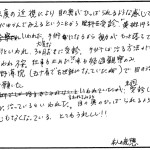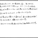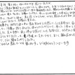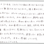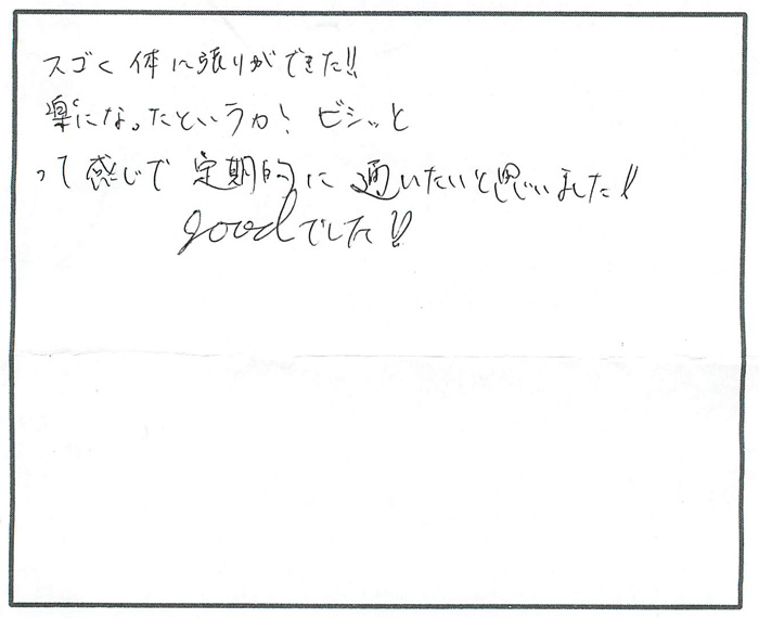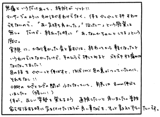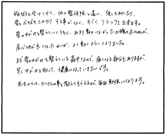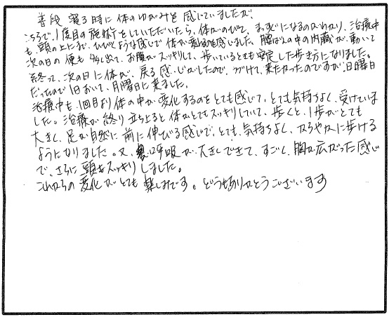 普段寝る時に、体のゆがみを感じていましたが、こちらで1度目の施術をしていただいたら、体が伸びてまっすぐになるのが分かり、治療中も頭の上にまでひびくような感じで体が変わるのを感じました。腰ばんの中の内臓が動いて次の日の便も多く出て、お腹がスッキリして歩いているときも安定した歩き方になりました。
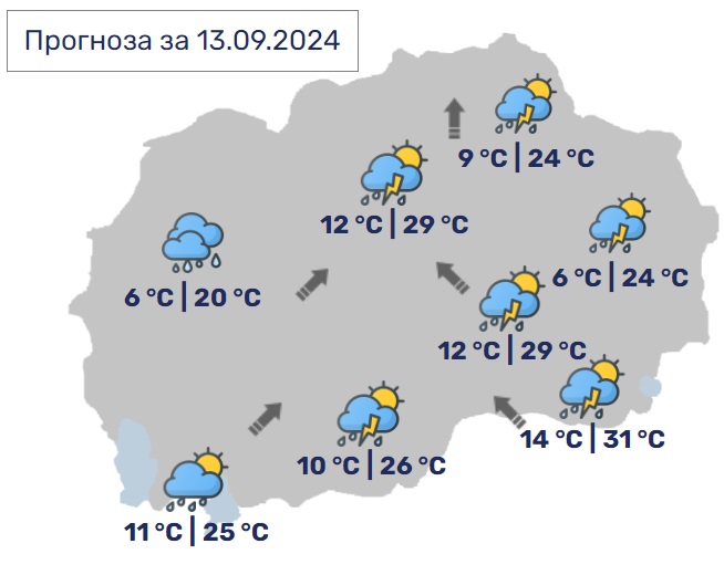 Дневните температури ќе се движат од 11 до 26 Целзиусови степени.
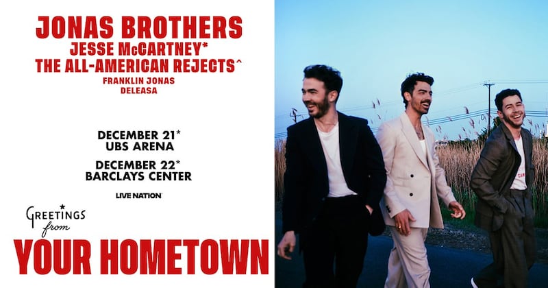 NO PURCHASE NECESSARY. VOID WHERE PROHIBITED. 9/30/25-12/7/25. Open to legal residents of Nassau or Suffolk County in New York State, 18+. To enter go to WBLI.com and follow the on-line instructions to enter. Odds vary. Prize: two (2) tickets to see The Jonas Brothers at UBS Arena on December 21, 2025 OR at Barclays Center on December 22, 2025. (ARV: Minimum of $100.00 based on seat location and availability). For full rules, click here. Sponsor CMG NY Radio, LLC d/b/a Cox Media Group Long Island.
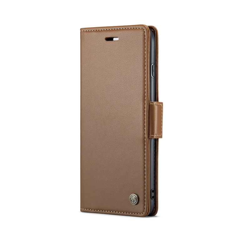 Funda de Cuero Caseme 023 para iPhone 6 Plus/7 Plus/8 Plus Mariposa Hebilla Litchi Textura Rfid (Marrón)
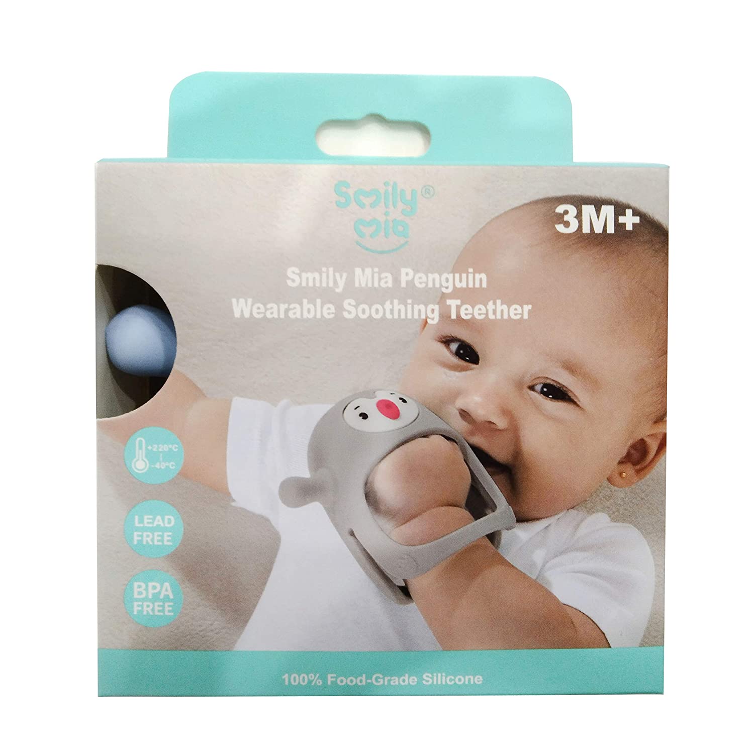 Smily Mia Penguin Baby Teething Toys for 3-6Months, Infant Handheld Pacifiers 0-6Months, 3Months Old Baby Must Haves, 4months Old Toys for Babies, Light Grey…
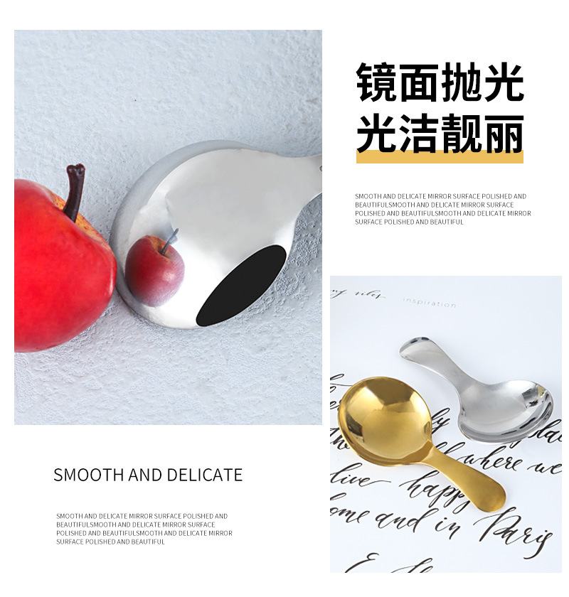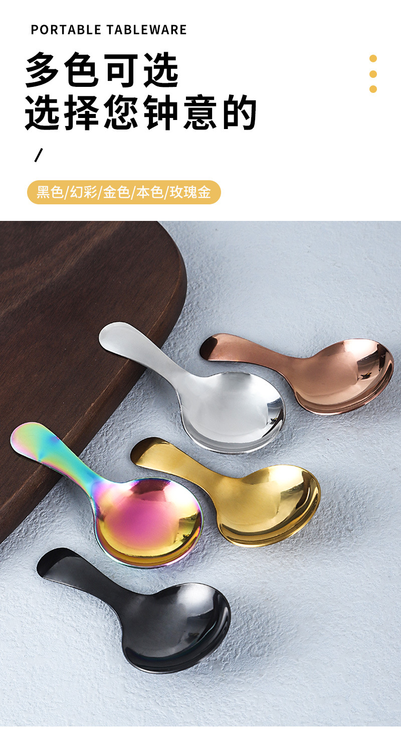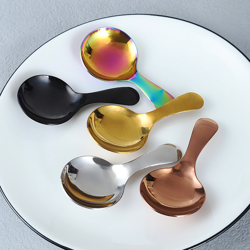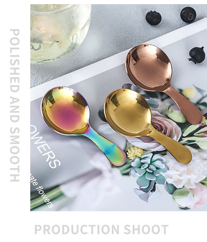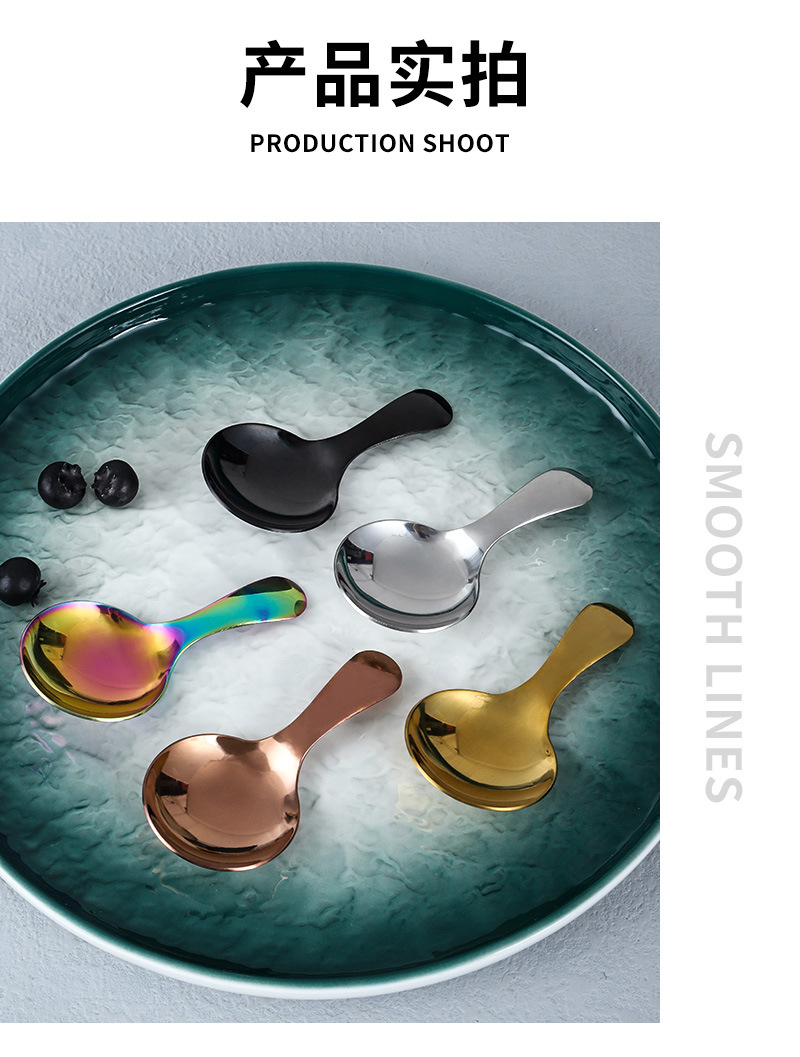 304 cuchara de acero inoxidable subred rojo coreano creativo mango corto cuchara de los niños lindo postre helado cuchara té Chapado en titanio cuchara redonda
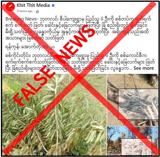 စစ်ကိုင်းတိုင်းဒေသကြီး ဘုတလင်မြို့နယ် စီပါကျေးရွာမှ ပြည်သူခြောက်ဦးကို လုံခြုံရေးတပ်ဖွဲ့ဝင်များက ရက်ရက်စက်စက်သတ်ဖြတ်သွားခဲ့သည်ဟု မမှန်သတင်းများ ထုတ်လွှင့်မှုနှင့်ပတ်သက်၍ စိစစ်ရာ စစ်ကိုင်းတိုင်းဒေသကြီး ဘုတလင်မြို့နယ် စီပါကျေးရွာတွင် PDF အမည်ခံအကြမ်း ဖက်အဖွဲ့များ ရောက်ရှိခိုအောင်းလျက်ရှိကြောင်း သတင်းပေးပို့ချက်အရ အောက်တိုဘာ ၁၇ ရက် နံနက် ၉ နာရီခန့်တွင် နယ်မြေခံလုံခြုံ ရေးတပ်ဖွဲ့ဝင်များဖြင့် ကျေးရွာအတွင်းရှိ PDF အမည်ခံ အကြမ်းဖက်အဖွဲ့များနေ ထိုင်လျက်ရှိသည်ဆိုသည့် နေအိမ်များအား သွားရောက်ရှင်းလင်းခဲ့ရာ အကြမ်းဖက်အ ဖွဲ့ များသည် စီပါကျေးရွာ၏ အနောက်ဘက်သို့ ဆုတ်ခွာထွက်ပြေးသွားခဲ့ကြောင်း သိရသည်။
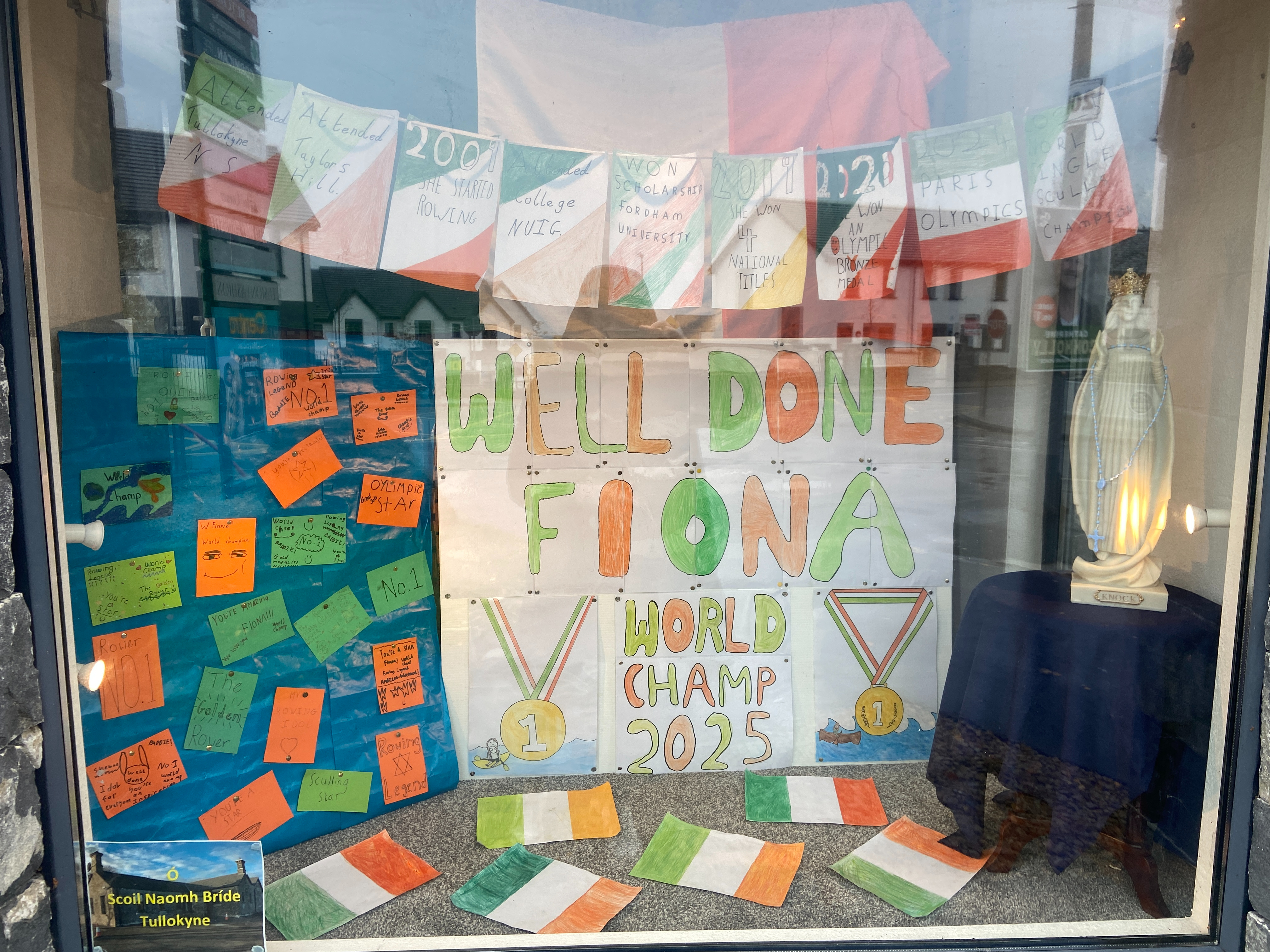 Our school is very proud to say that Fiona Murtagh is our past pupil. She won a bronze medal in the 2020 Tokyo Olympics and recently won a gold medal in the World Rowing Championships in Shanghai, which we were extremely happy to hear! As a celebration of her win, the senior room decided to make a poster congratulating her. The whole classroom chipped in by colouring, drawing and organising it. It is hung up in the cillín in Moycullen. The Rang 6 girls spent a lot of time putting it together. We are so proud of Fiona Murtagh!
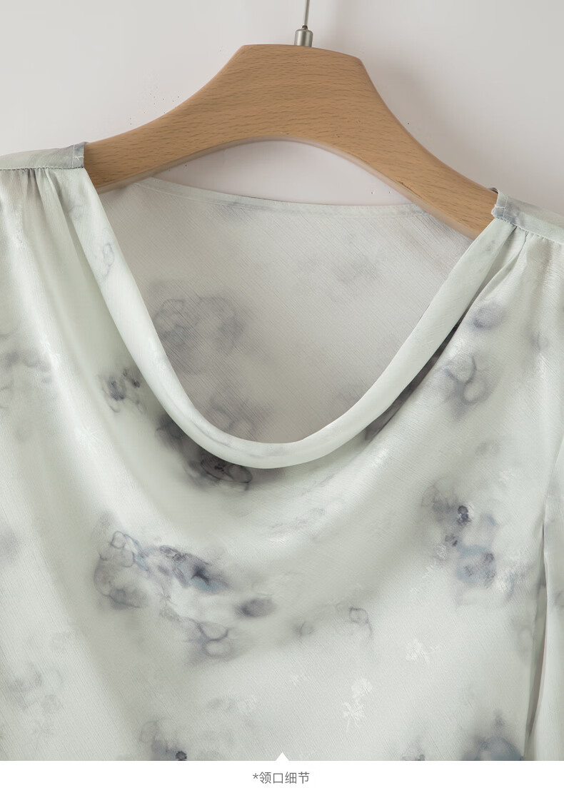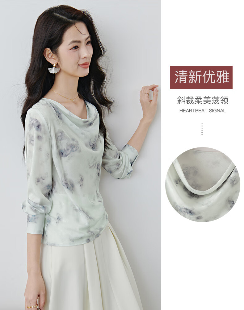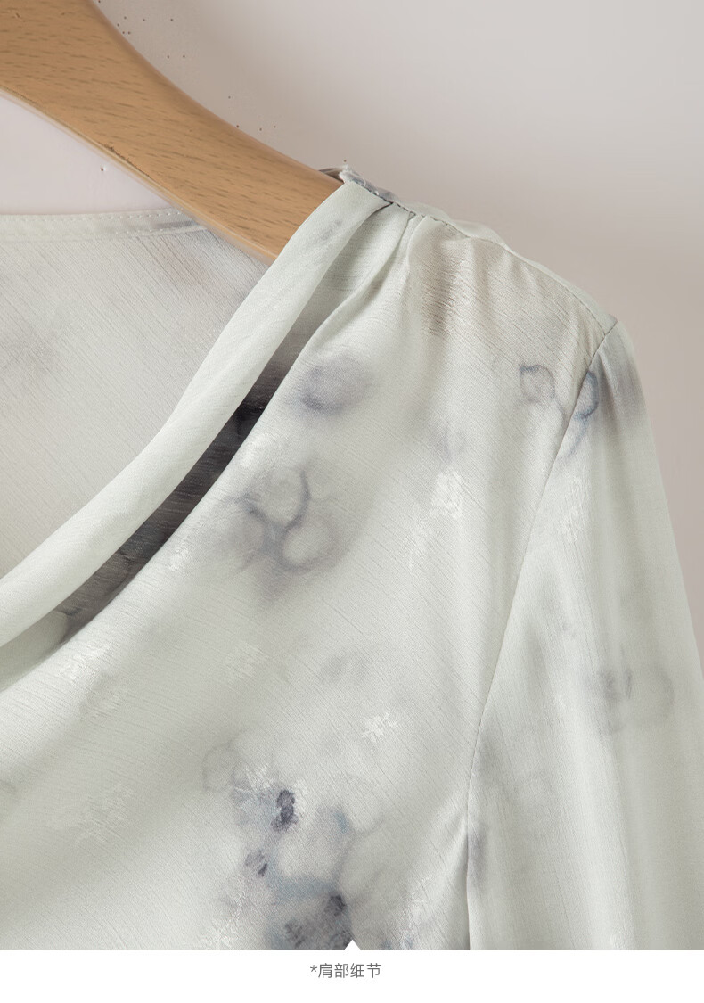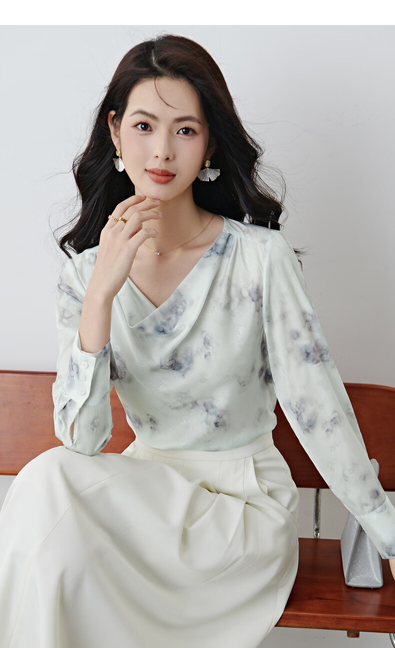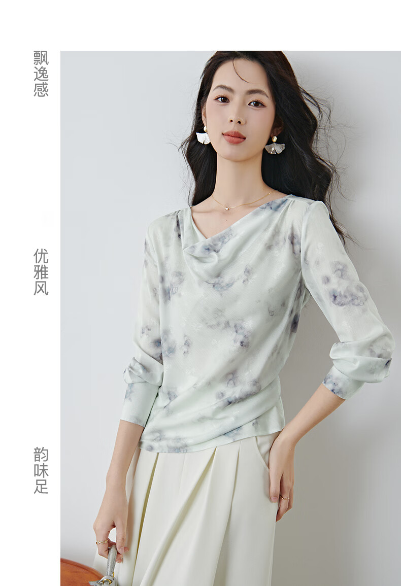 晚白2026年春款法式不规则荡领烟雨水墨印花上衣清新雅致缎面衬衫女 花色 L
◇ ◇ ◇
### Aim of the exercise
Only one stretch of the listing is wanted: the lines starting at the one with "Smily Mia Penguin" and ending at the one with "စစ်ကိုင်းတိုင်းဒေသကြီး ဘုတလင်မြို့နယ် စီပါကျေးရွာမှ", copied exactly and free of pictures.

### Reply to the exercise
 Smily Mia Penguin Baby Teething Toys for 3-6Months, Infant Handheld Pacifiers 0-6Months, 3Months Old Baby Must Haves, 4months Old Toys for Babies, Light Grey…
 304 cuchara de acero inoxidable subred rojo coreano creativo mango corto cuchara de los niños lindo postre helado cuchara té Chapado en titanio cuchara redonda
 စစ်ကိုင်းတိုင်းဒေသကြီး ဘုတလင်မြို့နယ် စီပါကျေးရွာမှ ပြည်သူခြောက်ဦးကို လုံခြုံရေးတပ်ဖွဲ့ဝင်များက ရက်ရက်စက်စက်သတ်ဖြတ်သွားခဲ့သည်ဟု မမှန်သတင်းများ ထုတ်လွှင့်မှုနှင့်ပတ်သက်၍ စိစစ်ရာ စစ်ကိုင်းတိုင်းဒေသကြီး ဘုတလင်မြို့နယ် စီပါကျေးရွာတွင် PDF အမည်ခံအကြမ်း ဖက်အဖွဲ့များ ရောက်ရှိခိုအောင်းလျက်ရှိကြောင်း သတင်းပေးပို့ချက်အရ အောက်တိုဘာ ၁၇ ရက် နံနက် ၉ နာရီခန့်တွင် နယ်မြေခံလုံခြုံ ရေးတပ်ဖွဲ့ဝင်များဖြင့် ကျေးရွာအတွင်းရှိ PDF အမည်ခံ အကြမ်းဖက်အဖွဲ့များနေ ထိုင်လျက်ရှိသည်ဆိုသည့် နေအိမ်များအား သွားရောက်ရှင်းလင်းခဲ့ရာ အကြမ်းဖက်အ ဖွဲ့ များသည် စီပါကျေးရွာ၏ အနောက်ဘက်သို့ ဆုတ်ခွာထွက်ပြေးသွားခဲ့ကြောင်း သိရသည်။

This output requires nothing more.